Neo4j-based models have been developed also to capture and explore semantic relationships among computational and mathematical models related to cancer and to other biological systems [e.g., Johnson et al. (2014) and Henkel et al. (2015)]. In Henkel et al. (2015), authors describe a Neo4j-based framework that facilitates identification, comparison, and ranking of in-silico models (encoded in SBML and CELL-ML standard formats and stored in major specialized resources such as BioModels Database) that correspond to specific categories.
In this study, we present a Neo4j graph database developed for the management of genetic–epigenetic interdependencies in CRC development. We provide Cypher query examples on the way in which the graph database can be applied to CRC initiation to identify (i) genetic–epigenetic modifications and (ii) molecular phenomena observed and reported in the specialized literature. In addition, we explore path connections associated with the highest “incidence score”; the score is computed as a product of the conditional probabilities of relationships between molecular events, with the highest scores associated with the most plausible pathways.
2. Brief Biological Background
CRC initiation is associated with aberrant cell growth rate in the colon epithelium leading to polyps (considered benign). If not removed, the colon adenomatous polyps may increase in size and become malignant over time.
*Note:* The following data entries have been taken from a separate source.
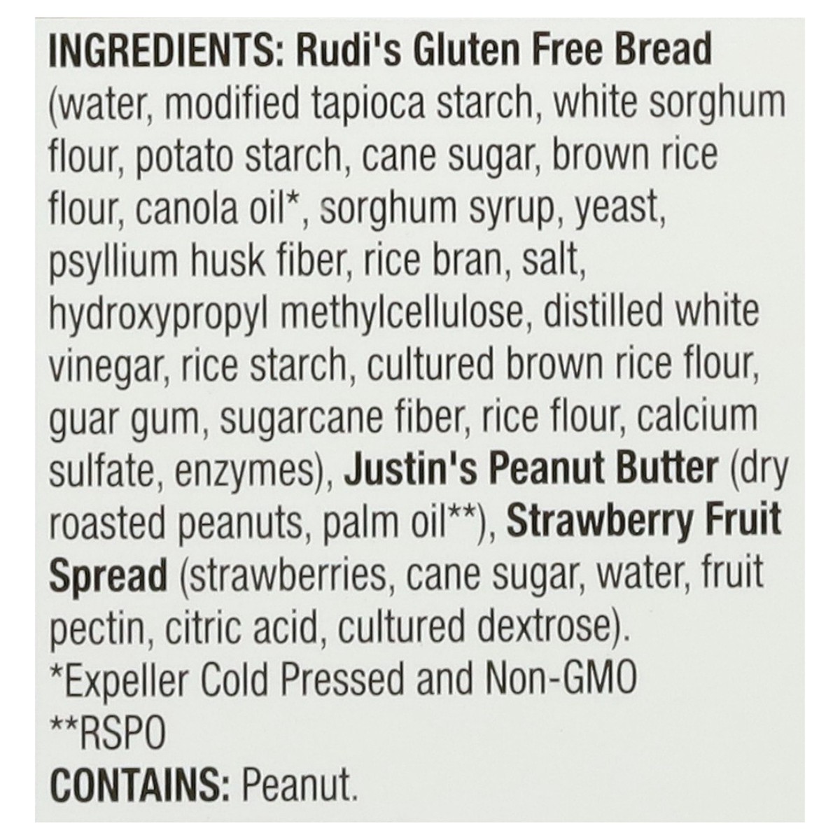 Rudi's Gluten Free Bread (Water, Modified Tapioca Starch, White Sorghum Flour, Potato Starch, Cane Sugar, Brown Rice Flour, Canola Oil*, Sorghum Syrup, Yeast, Psyllium Husk Fiber, Rice Bran, Salt, Hyd…
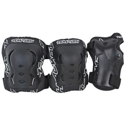 Universální sada chráničů na kolena, lokty a zápěstí Tempish FID 3. Flexibilní konstrukce chrániče a jeho plastové výztuhy velmi pohodlně "padne" na chráněné části těla. Jsou velmi lehké a minimálně omezují v pohybu. Vrchní materiál je odolný proti otěru. Vnitřní materiál výborně odvádí pot a vlhkost z těla. Elastický materiál se přizpůsobuje dle pohybu bruslaře.
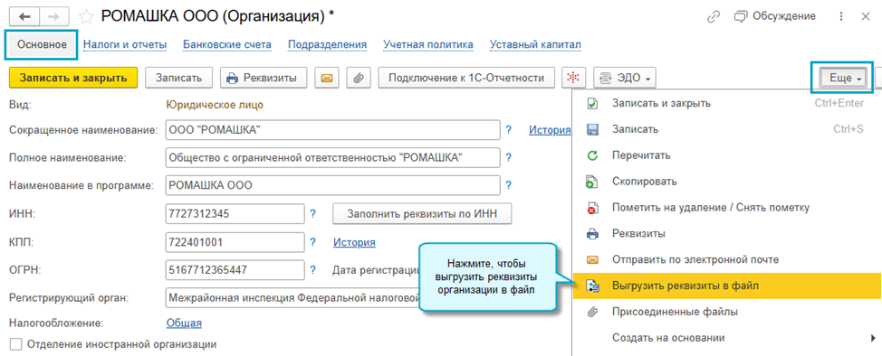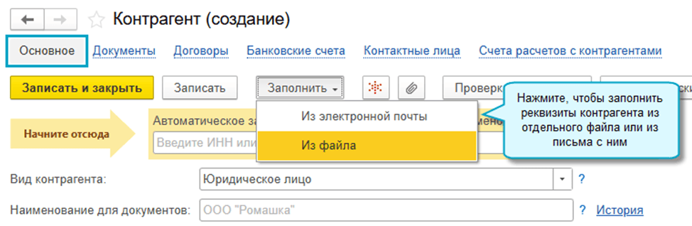 добавлена возможность выгрузить реквизиты своей организации в файл без отправки по электронной почте, а также заполнить реквизиты контрагентов из файлов других конфигураций.
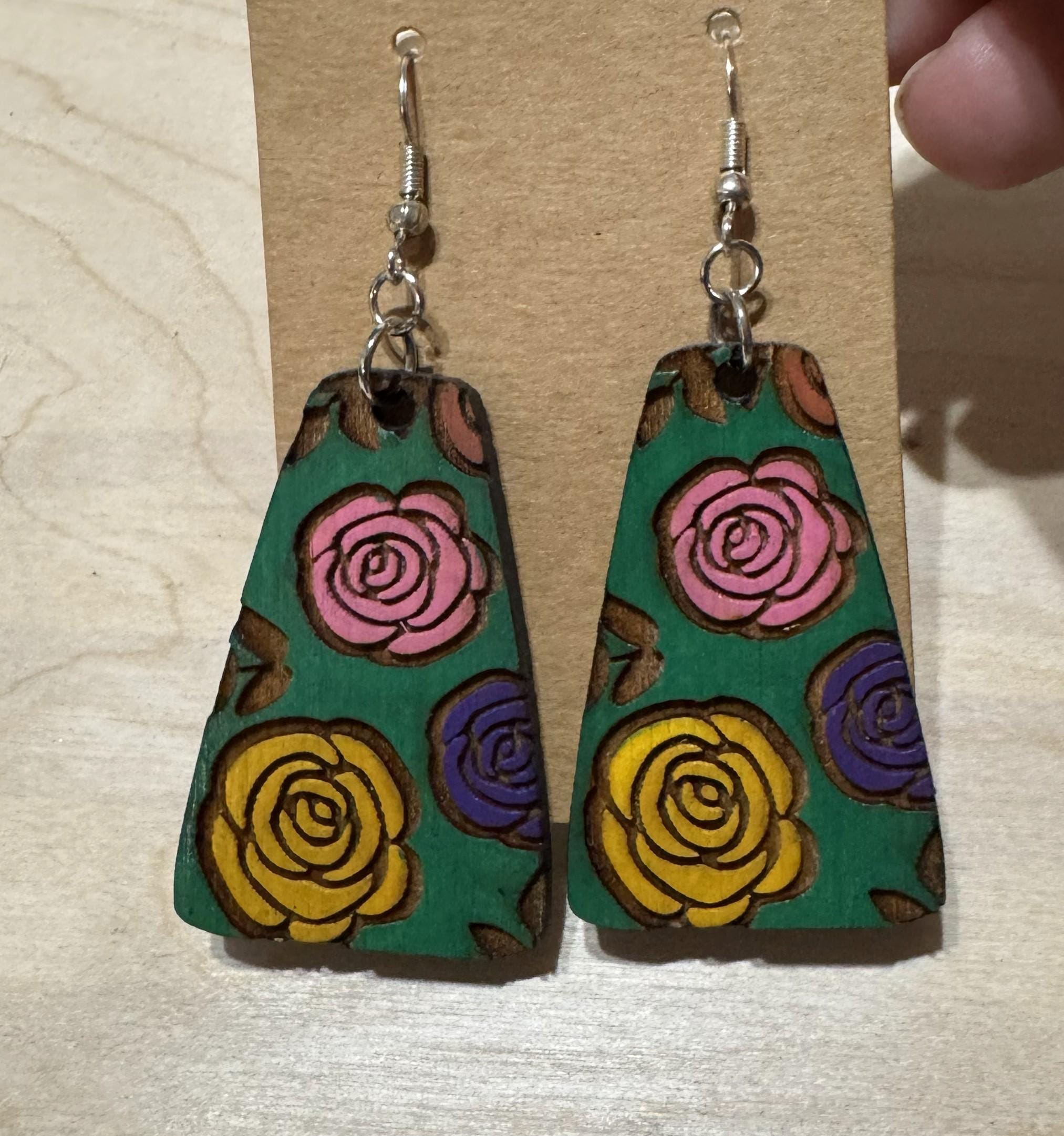 These rose-themed earrings showcase a delicate rose print that adds a touch of classic beauty to your style. Available in multiple options, they offer versatile choices to suit your personal taste. Lightweight and comfortable, they provide a gentle, supportive accent perfect for everyday wear or special occasions. Celebrate elegance and grace with these charming earrings.
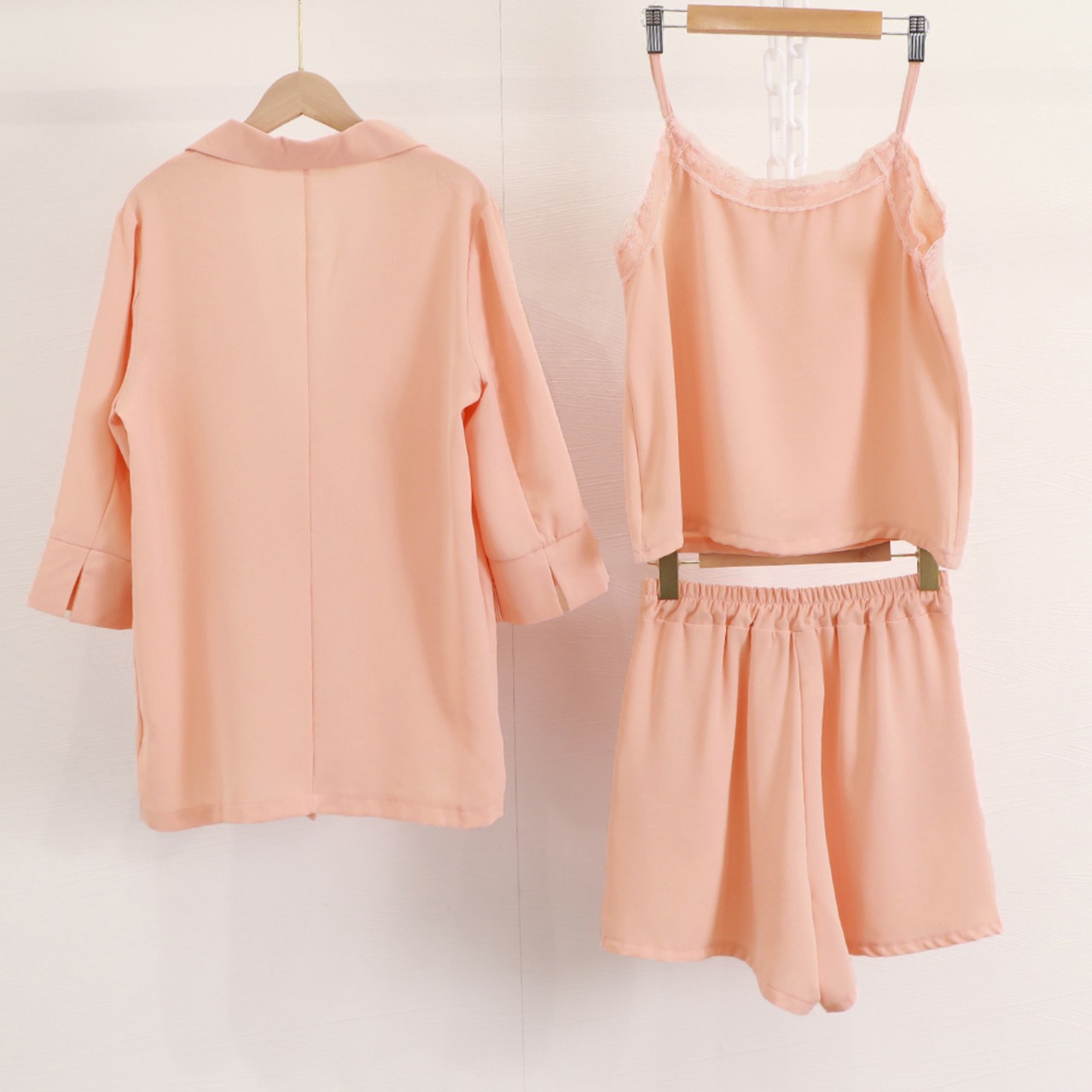 キャミソールの胸元に繊細なレース付き、フレア裾のショートパンツはタック入り仕様、ロング丈のジャケットはロールアップ袖、シンプルフォルムながらも細部までこだわるデザイン
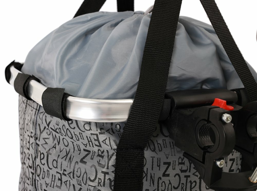 Látkový koš na řidítka s lehkým hliníkovým rámem. Koš jde jednoduše sejmout z rychloupínacího držáku a používat samostatně. Vhodné pro turistiku, do města nebo pro malá plemena psů.
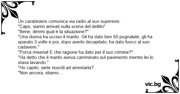 Unité d'intervention de police. - Chef, une femme vient de tuer son mari ! - Ok quel est le mobile du crime ? - Apparemment le mari aurait marché dans le salon alors qu'elle passait la serpillière. - D'accord, et vous l'avez interpelé ? - Bah non chef, le sol n'est pas encore sec.
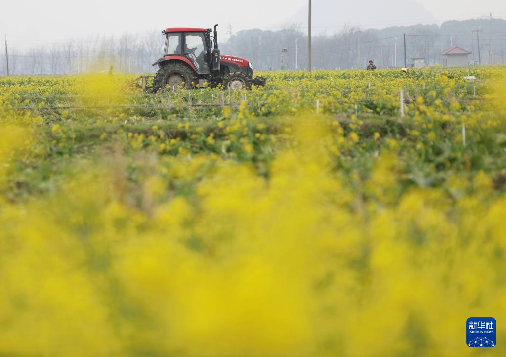 2月24日,在湖南省永州市道县营江街道岗下村,农机手驾驶拖拉机在翻耕农田。
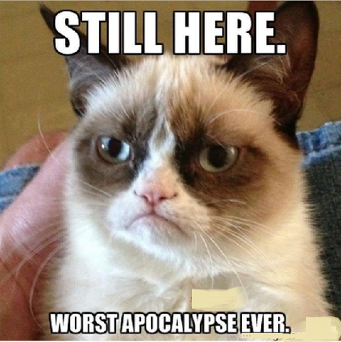 Grumpy seems to never be satisfied, or is he ? lol That face tells the tale. He was not thrilled with the alleged apocalypse that was predicted. I am not sure that he really wanted it to all end or if he is just grumpy because he was looking forward to a little excitement.
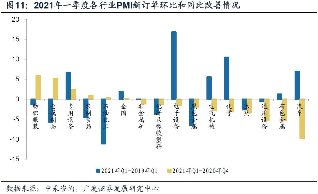 工业细分行业方面,结合PMI新订单判断各行业短期内修复情况,2021年一季度景气度环比改善的行业包括纺织服装、金属制品、专用设备、农副食品加工和石油化工。
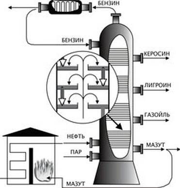Процесс перегонки нефти проводится в специальных колоннах и является непрерывным. В едином технологическом процессе происходит испарение и фракционирование дистиллятов. Нефтяные пары поднимаются в верхнюю часть колонны, где охлаждаются и конденсируются на специальных тарелках, которые разделяют верхнюю часть колонны.
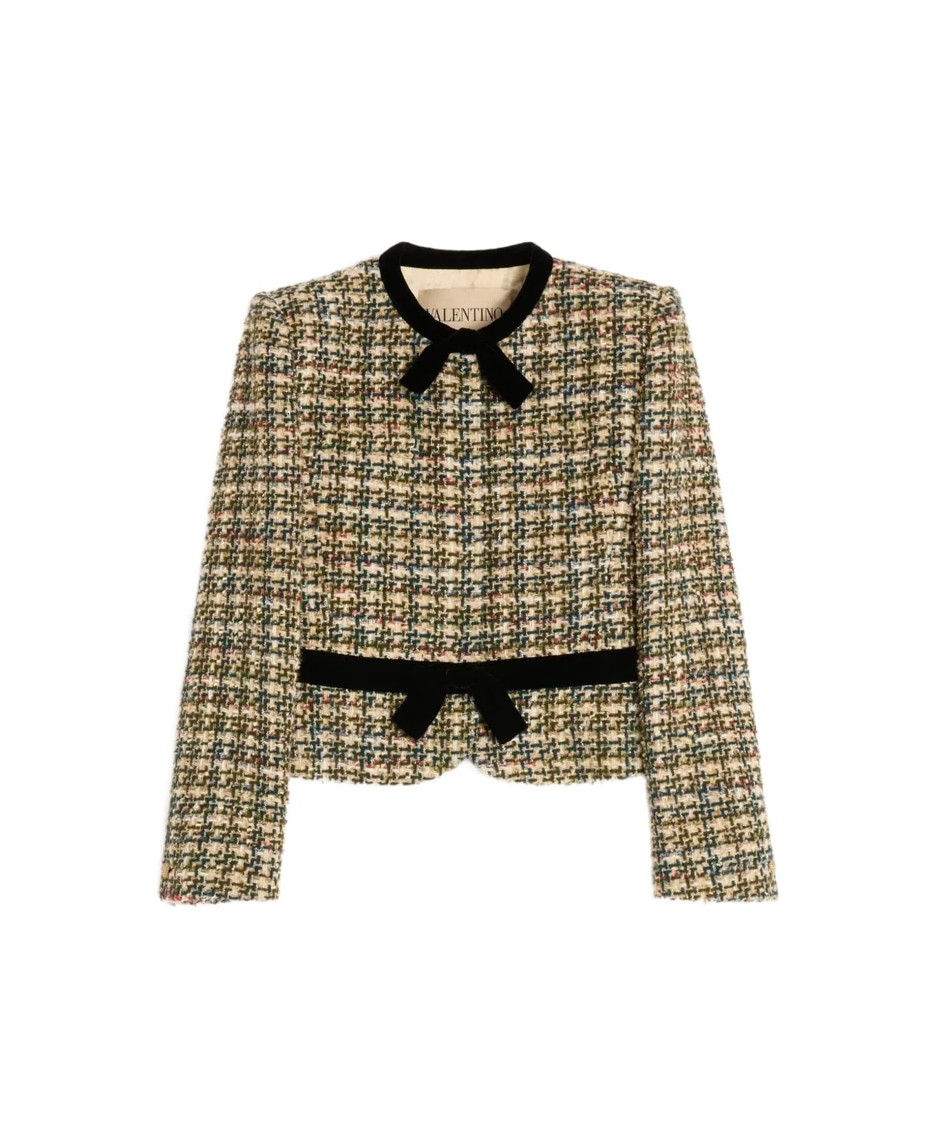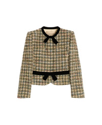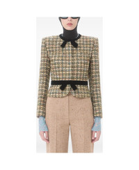 green tweed texture velvet bow snap button closure shoulder pads jewel-embellished button Composition: Outer: Wool, 36% , Polyamide, 22% Made in: Italy Color: MultiColour Model number: BCE4T09R6M12
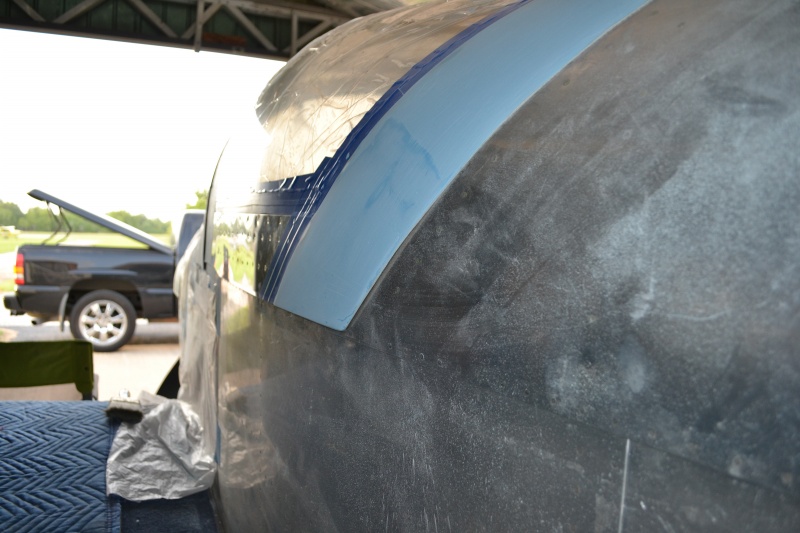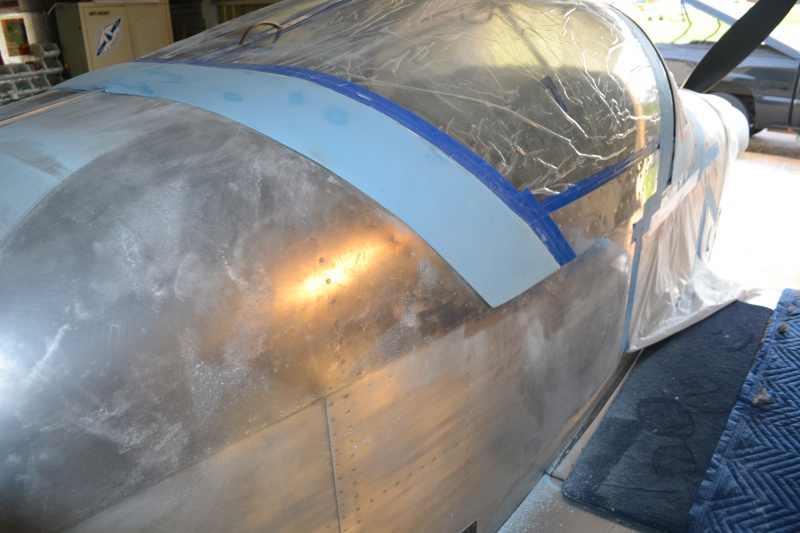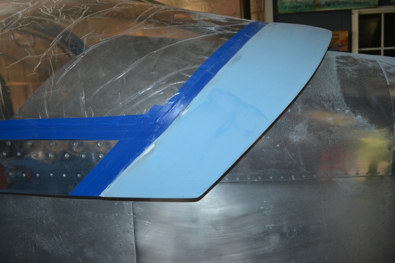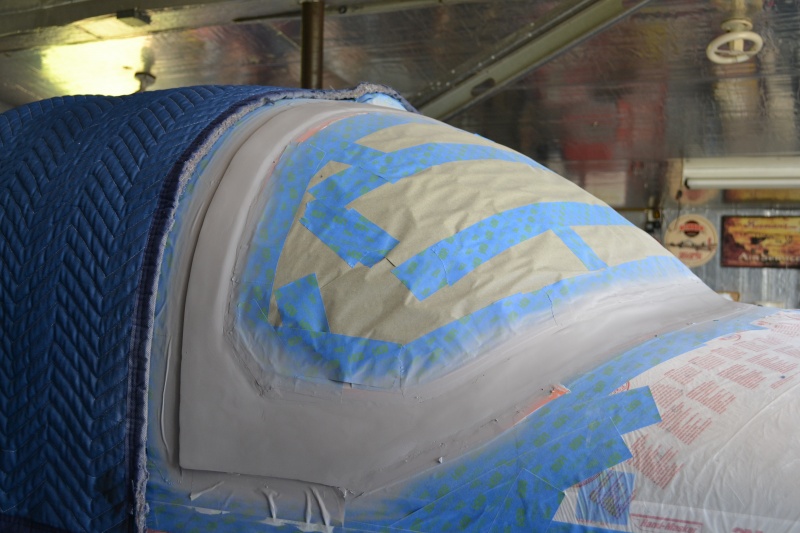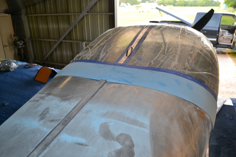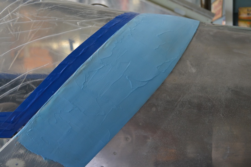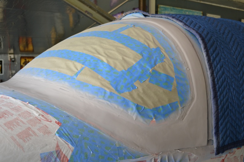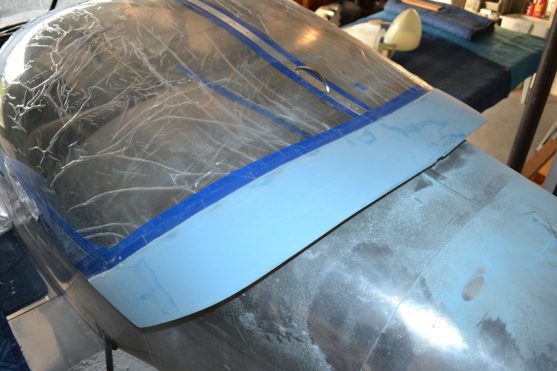 You can see from the pics the process of adding filler and sanding to find more pinholes and pits. Repeat. Anyway I got to the point I wanted to shoot primer so I tapped up the painting paper over the plastic. Just wanted to make sure there were no leaks. Next I covered up any areas around to keep any overspray off and then it was time. After leaving over night it was time to pull the plastic to check the final edge. I was really pleased once it was remover. I had a few places where the epoxy mix leaked just a tiny bit under the second layer of tape. In these areas I just used a exacto knife to trim to match the edge line and it looks pretty good now. The painter can make it look perfect. This baby needs to fly!

Thus, while the colon adenoma is a phenotype, characterized by benign modifications, malignant characteristics are already present at adenocarcinoma or carcinoma stages. As the tumor progresses, cancer cells feature the accumulative aberrant changes within polyps that facilitate cell proliferation and eventually migration. Finally, CRC can extend to other organs, including the liver and lungs, leading to metastasis.
Cancer initiation and progression have been linked, in recent years, to aberrant genetic and epigenetic changes. Epigenetic events are molecular phenomena that influence gene expression without modifying the DNA sequence [e.g., Allis et al. (2007)]. Epigenetic modifications have been observed to occur as part of the aging process and in the earliest stages of human diseases, including cancers and neurodegenerative disorders. Signatures include changes in DNA methylation, proteins known as histones (that contribute to nucleosome arrangement of the DNA sequence), and small noncoding RNAs (which contribute to cell protection) (Allis et al., 2007; Baylin and Jones, 2011). DNA methylation (DNAm) (or the addition of a methyl group to a cytosine ring) is a major epigenetic event with an important role in gene regulation (Allis et al., 2007). Two aberrant forms of DNA methylation, hyper- and hypomethylation (increased and decreased methylation relative to normal, respectively), have been detected in cancer development. Specifically, hypermethylation of the CpG islands 1 in the promoter of the tumor suppressor genes leads, in many cases, to gene silencing, while global hypomethylation influences proto-oncogene activation and chromosomal instability (Bjornsson et al., 2004; Allis et al., 2007; Baylin and Jones, 2011). Modification of histones is another major epigenetic event influencing chromatin dynamics (where chromatin is the combination of DNA and proteins that comprise the cell nucleus). Acetylation 2 and methylation of histones H3 and H4 (known as core 3 histones) are the most studied forms of modification to date.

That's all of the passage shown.